Now a fully-fledged member of the naked bike establishment, the FTR (no longer named the FTR 1200) comes complete with the class’s ubiquitous 17-inch wheels wrapped in sporty Metzeler Sportec M9 RR rubber. New fuel injection mapping has cleaned up the jerky throttle response that plagued the first generation FTR1200. And the R Carbon member of the family gets a pair of shiny new gold fork legs from Sweden to show off its new level of worldly sophistication.
But as they say, a leopard can’t change its spots.
When you strip away the façade, the FTR is still an American brat with a middle finger squarely up at the Europeans and Japanese who dominate the big-bore naked bike category. It’s a four-strong in a line-up that consists of the $12,999 base model, $14,999 FTR S, the $16,999 FTR R Carbon and the $11,499 FTR Rally that still uses the 19-inch/18-inch wheel combination. The FTR is the only true American performance naked bike if you’re looking for an alternative to the norm. And being the posh bastards we are at SportBikes Inc Magazine, we decided to go straight to the top and review the King Daddy FTR R Carbon. Only the finest here at SBI…
So what do you get for the $17K? Well, for one thing, you get lots of carbon fiber. Carbon tank shrouds, front and rear guards, headlight nacelle abounds. The woven black exclusiveness matches beautifully with the fully adjustable gold 43 mm Ohlins fork and shock that pivots directly off the swingarm with no linkage. The fitment of the Ohlins makes for a far more tolerable ride than on the Sachs units on Gen 1 FTR, with better damping control, less shock transmitted to the rider over bumps and better overall braking and acceleration performance.
The brakes remain unchanged in the Brembo four-piston monoblocs. And the Akrapovic exhaust is now a blacked-out unit on the R Carbon.
There are little cosmetic improvements everywhere. Like the now silver seat unit that accentuates the ribbed design aesthetic. The premium seat cover with lovely red stitching and the sharper angle of the tail light all giving the FTR R Carbon a very premium feel.
And you get cruise control as standard on the R Carbon. Halle-fucking-lujah!
Indian’s Ride Command electronic control center is also unchanged in the 4.3-inch touchscreen TFT dash that allows you to change riding modes and switch traction control on and off.
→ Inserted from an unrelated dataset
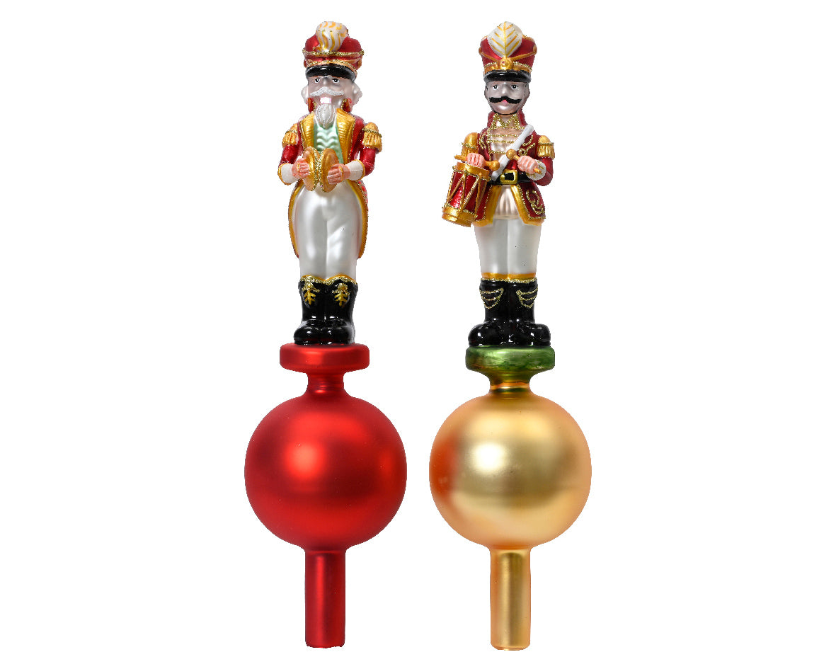 Ręcznie dmuchany i zdobiony szpic w kształcie klasycznego dziadka do orzechów – bębenkowego żołnierzyka. Dostępny w dwóch różnych wersjach kolorystycznych, pełnych świątecznego uroku. Idealny jako efektowne wykończenie choinki w tradycyjnym lub bajkowym stylu.

Although hooligans out there will lament the fact ABS can no longer be switched off. So backing the bad boy in under brakes is sadly a thing of the past. Sometimes, growing up hurts.
Ride Command gives you three modes with which to play in Sport, Standard and Rain. And after the first hour on board in Sport, I dropped a level to Standard and kept it there. Sport is, well, sporty, to say the least. The throttle response is ultra-direct. Which is great fun if you’re getting after it on a track or in the twisties. But it’s a bit too much everywhere else.
There’s a claimed 120 hp on tap with the FTR R Carbon, and it’s a rowdy party between your legs. The FTR has performance to burn. You don’t need 160 hp to have a good time, especially when you look this good. This is a motor that likes to lug. Keep the revs in the medium range of about 5-7000 rpm and you’ll have a happy Indian below you. Revving the FTR out isn’t the name of the game as the vibes coming from the motor into the frame will kill your vibe. So it’s best to take everything with a bit more a relaxed frame of mind.
But the elephant in the room is the question of the wheels. Do they make the difference? Absolutely they do. The 17-inch wheels and sticky-as-honey Metzeler RR rubber turns the FTR from a wayward headbanger into a dance partner you’re happy to tangle with. Everything is improved. Braking stability, initial cornering performance and feel, and exit acceleration thanks to a tire that wants to bite and grip. Not just spin for show.
You can now hustle the Indian FTR with the kind of speed reserved for Europe’s finest. And the individuality born into an FTR R Carbon especially will ensure no one will ever mistake you for being on any other machine on the road.
The Indian FTR is now a functioning member of the naked bike society. Although it’s lost a touch of its charm with its new 17-inch shoes, it’s gained so much more in the process.